Through the decades, the paper followed prominent social issues beginning with coverage of the burgeoning feminist movement in 1915 to life on the home front during World War II, the AIDS epidemic of the 1980s and America's post-9/11 landscape. It became the official journal of the NSC Student Government Association in 1961, a relationship that, as with many news/government organizations, could be strained.  And like other long-running publications, the Current Sauce embraced technological advances in printing, from Linotype in the early 20th century to phototypesetting to digital desktop publishing and an online edition at nsucurrentsauce.com. 
 
"I was here when the first computer came into our lives, the Apple Macintosh," Whitehead said.  "The media had a professional typesetting computer that made lots of noise and slowly cranked out set type but nothing like the speed and ease of operation the Mac brought to Student Publications. Within several years we were all Mac and entered the age of desktop publishing.
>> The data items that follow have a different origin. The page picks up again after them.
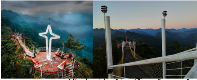
Mirador del peñón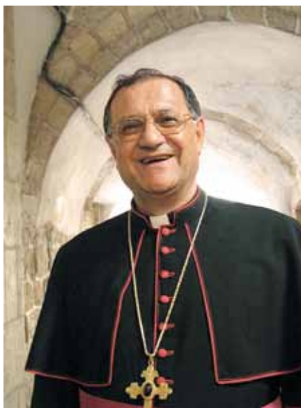
Mons. Fouad Twal.

Je to zvláštní město, krásné město a dramatické město, nad kterým i náš Pán zaplakal. A my stále pláčeme. Není to jednoduché. Jeruzalém spojuje všechny věřící – židy, muslimy, křesťany –, ale zároveň všechny věřící rozděluje – na smrt. Všichni chtějí, aby byl Jeruzalém jejich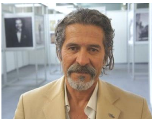
Desteya weşana duheftînameya Agirî

Rehma xwedê jê be û cihê wî jî buheştê berîn be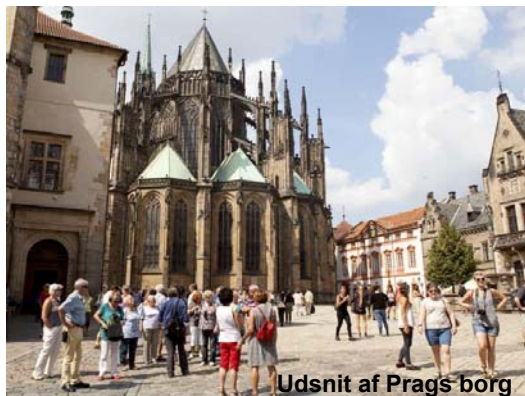
Udsnit af Prags borg

Prag er en utrolig flot by, beliggende i hjertet af Europa. Byen var i århundreder en af verdens førende hovedstæder og der findes talrige minder fra denne tid - ikke mindst i det gamle centrum og på Prags borg.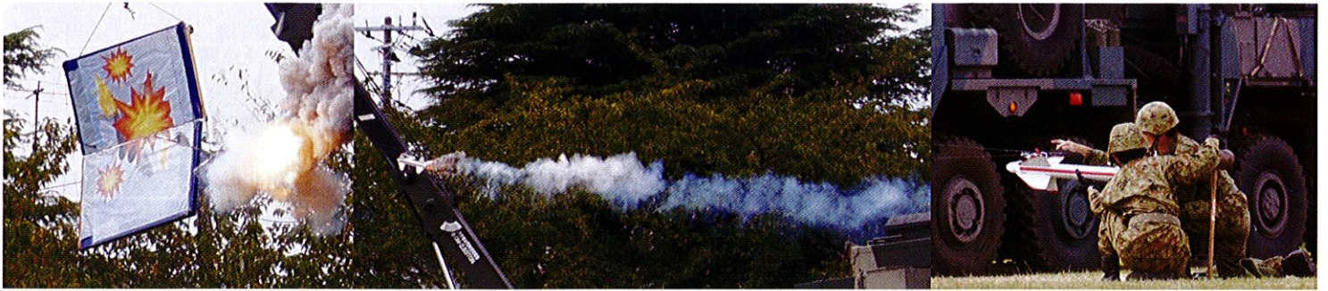
【訓練展示】・・・場内に、“只今空自より、敵機接近の情報を入手、レーダーがキャッチした！”との放送があり、その情報を下に、写真上は、「03式対空中距離誘導弾」発射を想定した模擬射撃の様子です。写真下は右から、射撃用レーダー装置搭載車両、レーダー信号処理・電源車、発射装置搭載車両です。写真では、その迫力を実感出来ませんが、模擬とはいえ、是非一度、その迫力ある訓練展示を体験してほしいものです。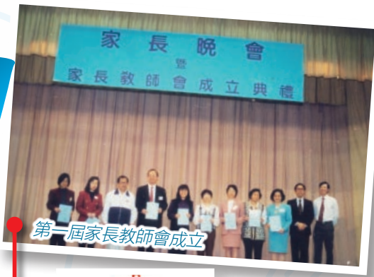
第一屆家長教師會成立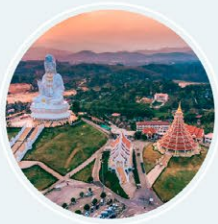
วัดห้วยปลากั้ง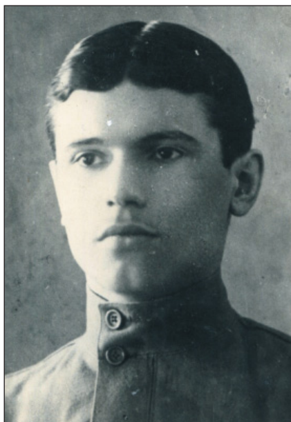
Маликов Ади Каримович (1897–1973) – комиссар Петро- градского мусульманского полка (1917), заместитель председателя Тетюшского уездного совета (ноябрь 1917 – февраль 1918), военный раз- ведчик ( ИМ РТ. В-16554 )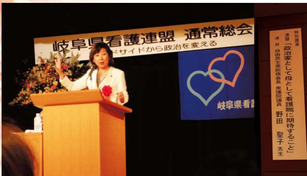
総会后、特別講演をいただきました。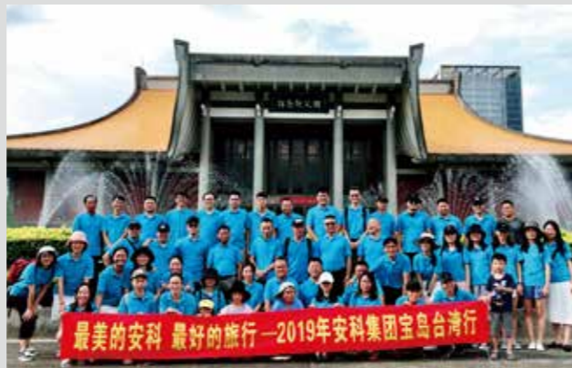
2019年厦门安科台湾团建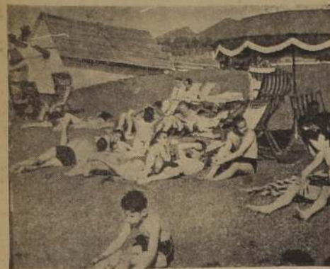
Grupo de veraneantes en las Playas del Lago Puyehue.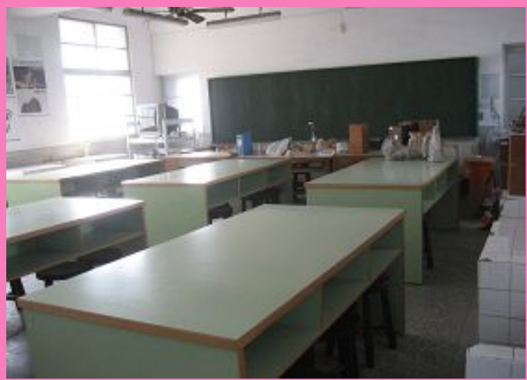
圖1：學生體驗更衣淋浴間設施

The technology was driving content and layout like never before."
 
Although the independence of the student editorial staff was a point of pride for the Current Sauce, it was not always without controversy.
 
"There were some incidents where irresponsible decisions on behalf of the students caused me some stressful moments but there were so many more positive moments, many humorous, that made those difficult days insignificant," Horton said.  "I've been called on the carpet by those who were affected by stories reported by my students.  Many did not then and still do not understand the role of a free student press on today's college campuses.  I will admit, though, that college campuses 15 years ago were very different than those today, so many of those controversial stories from years ago aren't given a second thought in today's society."
 
There were low times, too, when the university faced financial uncertainties and interest in student publications waned.  Joe Cunningham Jr., editor from 1981-83, cobbled together a staff that gathered most of its hard news from the university's News Bureau, but did cover sports, SGA and announcements.  There was talk that The Current Sauce might fold, but within two years the paper was running in the black again.
 
"We used big box computers and we cut out our stories with X-acto knives and pasted the paper together at The Natchitoches Times.  We would work until 2 or 3 in the morning," said Cunningham, whose father, Joe Cunningham Sr., worked on the Sauce as a student, and whose son Joseph Cunningham was editor in 2009-2010.
 
Cunningham was pasting an edition together late one night when he learned that Caldwell Hall was burning. He was soon at the scene and, because of the timing, the first to cover the fire.
 
"I was able to get close.  I wrote the story and put out The Sauce the next morning, so students were reading about Caldwell Hall and it was still smoking. That was the coolest thing we did."
 
Almost all students who worked on The Current Sauce reference a strong sense of camaraderie among the staff and the value of the experience, whether they pursued a career in journalism or not. After graduation, Breaux worked in news and public relations but today is an election services specialist in Dallas.  He considered the staff at the Sauce his fraternity.
 
"I sometimes still use the editor-in-chief on my resume," he said.  "It actually helped launch me into my current career. When I interviewed for an election coordinator position with a county in southeast Texas in 2006 the county clerk saw it on my resume and thought that I would do okay with designing election ballots."
 
"The greatest pleasure has been seeing students who worked with us who have gone onto successful carriers, many in media but others in fields where happiness was not being a journalist," Whitehead said.  "The experiences of working with the production of the newspaper and yearbook expanded the classroom contact into a much more satisfying remembrance of the years I spent working there."
 
"We had a supportive university administration and journalism faculty that maintained a dialog with us but never tried to exert undue influence even when we were aggressive covering campus issues or critical of university departments and personnel," Ireland said. "We worked long hours and we laughed all the way through it. We had a blast."